Visual Expectations

Expectation suppression and the Bayesian brain hypothesis


What we see is deeply influenced by what we expect to see. One classic example of this is the Kanizsa triangle, in which people see an illusory white triangle defined by a collection of black shapes. Another example – if you live in a city – is hearing a siren and expecting to see an ambulance. Personally, I have had the experience, while hiking in the Rocky Mountains, of getting hungry and mistaking many a red flower for a ripe salmonberry, or of kayaking in the Everglades and mistaking a log for a crocodile.

Upon reflection, most people could probably think of ways in which their expectations influence what they perceive. However, the ability to recognize such a seemingly simple fact depends on a particular way of seeing the world – a world in which, rather than seeing objects directly, we see objects in a way that is colored by our prior expectations. In other words, our minds construct the world that we perceive.

Why, though, would we construct a model the world as opposed to directly perceiving it? The answer might be energy. Capturing a pixel-perfect image of the world is expensive. Consider the security camera. Even though both humans and security cameras observe their environment visually, the human is additionally using other senses, subjectively experiencing their observations, and taking actions in the world. And yet a typical security camera consumes about the same amount of power as a waking human brain. This energy efficiency, it could be argued, relies on the human brain’s use of generative world models. Rather than seeing every frame of vision afresh, we first form an idea of what we expect to see, and only update that idea if we see new and relevant information. In terms of energy usage, constructive perception seems to be orders of magnitude more efficient than direct perception.

But knowing about the theoretical efficiency of constructed perception does not imply that it is possible. Fortunately, there are many statistical and machine learning methods that implement precisely this kind of computation. These are called Bayesian models, which for any situation form a prior hypothesis and update their probability estimates as they encounter new evidence. This notion relates directly to the way that expectations affect human perception. For example, a Bayesian model walking through the Everglades would assign high probability to the event of seeing a crocodile given its environment – so a log might easily be interpreted as evidence of a crocodile.

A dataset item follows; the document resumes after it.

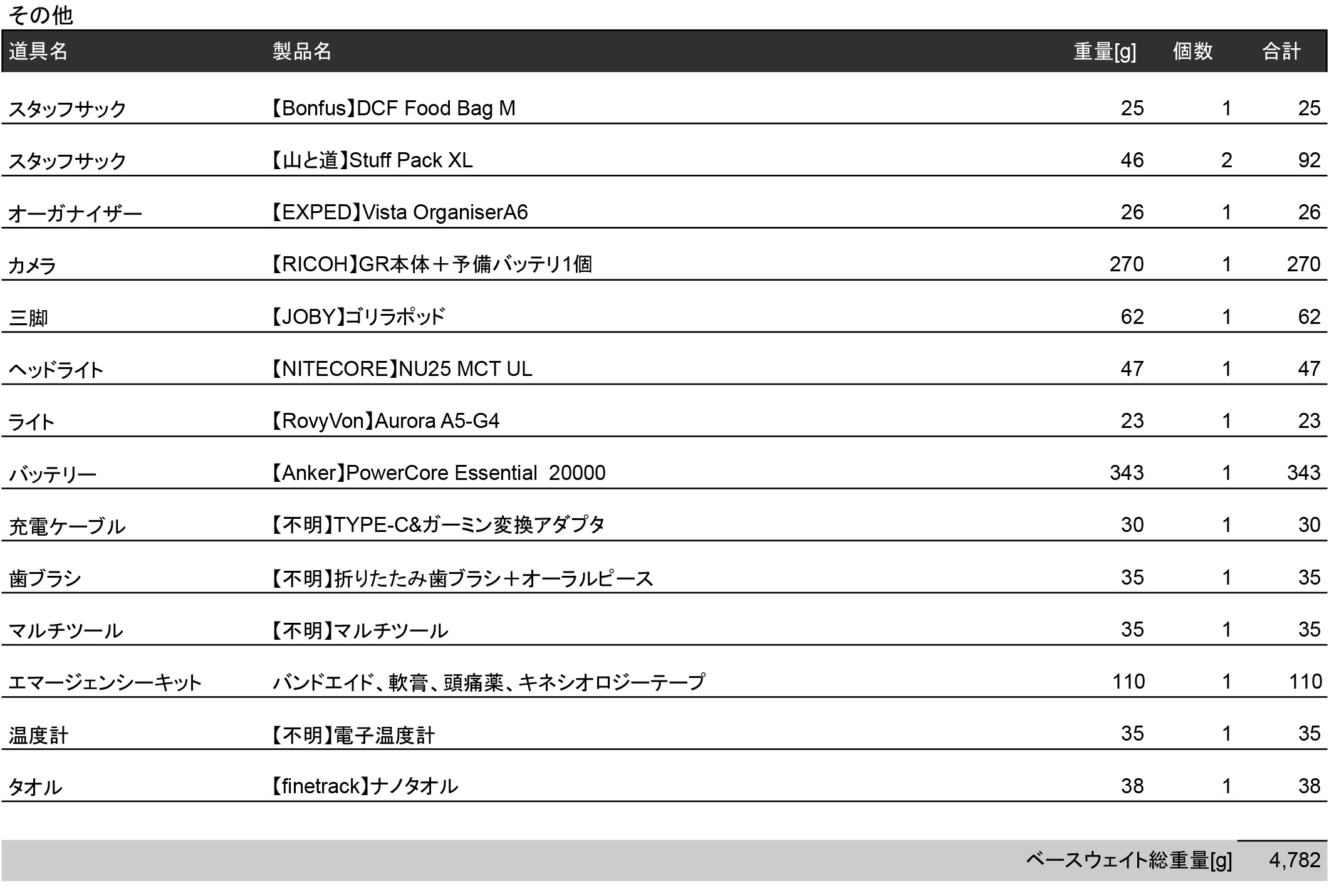 ベースウェイトで4.8kg弱、パックウェイトでは9.5kg程度となったが、334g分の贅沢品「生命の水(ウイスキー)」とアクリル製のグラスを持参。

So it seems like constructed Bayesian perception, often also called predictive perception, is not only energy-efficient but also possible. Thus, it might be that the broad goal of human perception (and maybe even human cognition in general) is to update certain predictions about the world based on a world model. If so, we should be able to uncover the underlying algorithm that makes such predictions, both to understand how it works at a neuronal level and to understand how it might go awry.

Perhaps because visual perception is one of the easiest cognitive tasks to study, it is also one of the best understood. With the broad framework of a predictive brain in mind, the open questions are how the predictions of a world model get combined with observations from the senses, both at a computational and neuronal level.

Sometimes expectations are encoded clearly in the neural hardware. For example, perhaps because cardinally (vertically or horizontally) oriented objects are more common than slanted objects, neurons responding to cardinal orientations are also more common. In a similar way, the top-down feedback connections from, say, the lateral occipital cortex to the visual cortex, help to constrain low-level feature prediction using higher-level object context [1]

However, not all expectations are encoded in neuronal structure. Many associations happen at a timescale too short for cortical changes. Some studies have suggested that the hippocampus can encode some of these short-term associations between stimuli in real time.

Much of the encoding of perceptual expectations might be a mix of structural and functional changes. An important example is motion. The motor regions of the brain send signals to the sensory regions of the brain when making a motion, perhaps to inhibit the neuronal response to one’s own motion. After all, there’s not much point in devoting cognitive resources to noticing my own walking visually when I already know I am walking.

So expectations seem to be quite a ubiquitous form of communication in the brain. But what do they do? Almost always, the expectation of particular stimulus leads to a decreased neuronal response from that stimulus, in a phenomenon called expectation suppression. For example, in terms of total neuronal activity, your brain would likely respond less to a car driving down a road than to a shark flopping down the same road.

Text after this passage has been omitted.